English Version
北卡罗莱纳州立大学Xipeng Shen教授学术报告





Modern Computing and Intelligent Programing Systems


AbstractIn this talk, Dr. Shen will discuss some recent progress in the development of intelligent programming systems, especially in raising program analysis and optimizations to a new level, unleashing the hidden power of compilers, and making applications better harness

the power of modern heterogeneous systems (e.g., GPU). He will demonstrate how the progress helps meet some major challenges in modern computing, including the rapid increase of the volume and variety of data, the rise of deep learning, the shift of computing towards cloud and IoT, and the fast development of heterogeneity in processors and memory.


Bio (报告人简介):

Xipeng Shen is an Associate Professor in the Computer Science Department at North Carolina State University in USA. He has received a number of recognitions, including Early Career Research Award from the US Department of Energy, CAREER Award from US NSF, Google Faculty Research Award, IBM Center for Advanced Studies Faculty Fellow Award, ACM Distinguished Speaker, and so on. His primary research work lies in the field of programming systems and high performance machine learning, featuring an emphasis on inter-disciplinary problems and approaches. His research has produced influential results in multicore and GPU code optimizations, as well as progresses in machine learning, exemplified with a series of new machine learning algorithms (e.g., Yinyang K-Means, Multi-label Scene Classification) published at major ML/AI venues and adopted by Microsoft and other industry companies.

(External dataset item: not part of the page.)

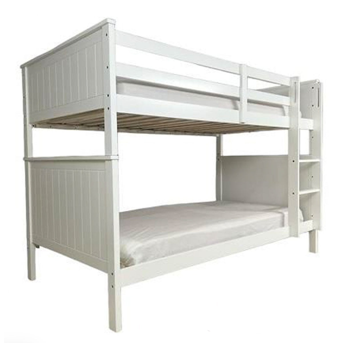 The Ava bunk set includes a fixed strong 3-step ladder, wooden slat base, and meets NZ, Australia & UK safety standards. It has tongue and groove effect panel ends. Plus, there's plenty of headroom between the top and bottom bunks (850mm, excluding mattresses). Each level can hold up to 110kg with an innerspring mattress. Please note: Mattresses sold separately.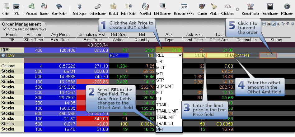 XYZ股票当前的全国最佳买卖价为$24.01 - 24.06。您首先创建了100股的买单并选择REL作为定单类型。然后输入限价24.07,该价格是定单的价格上限,也是您愿意支付的最高金额。随后,您可输入抵消额0.02,然后传递该定单。

Prior to joining NC State in 2014 as a Chancellor's Faculty Excellence Program cluster hire in Data-Driven Science, Shen was the Adina Allen Term Distinguished Associate Professor in the Computer Science Department at The College of William and Mary. He spent his sabbatical at MIT, Microsoft Research, and Intel Labs between 2012 and 2013. He was an assistant professor at The College of William and Mary from 2006 to 2012. He received his Ph.D. in Computer Science from University of Rochester in 2006.

慎熙鹏是美国北卡州立大学计算机系的副教授。他获得美国能源部Early Career 研究奖,美国自然基金CAREER奖,谷歌教师研究奖,IBM CAS 教师研究奖, 北卡州立大学学者奖。他是ACM杰出演讲者。他的研究主要在编程系统和高性能机器学习领域,特别关注于交叉领域的问题和方法。他的研究在多核和GPU程序优化方面产生了很多影响。同时,他的研究产生了一系列新的高性能机器学习的算法(例如Yinyang K-Means, Multi-label Scene Classification),得到工业界的采纳和应用。

2014年加入北卡州立大学之前,慎教授是美国威廉玛丽学院的一名Adina Allen冠名副教授。他曾是麻省理工和微软研究院的访问科学家,并担任英特尔 实验室和思科的顾问。他于2006年在美国罗切斯特大学获取计算机博士学位,于 2001年在中科院自动化所获取硕士学位,于1998年在北方工业大学获取学士学位。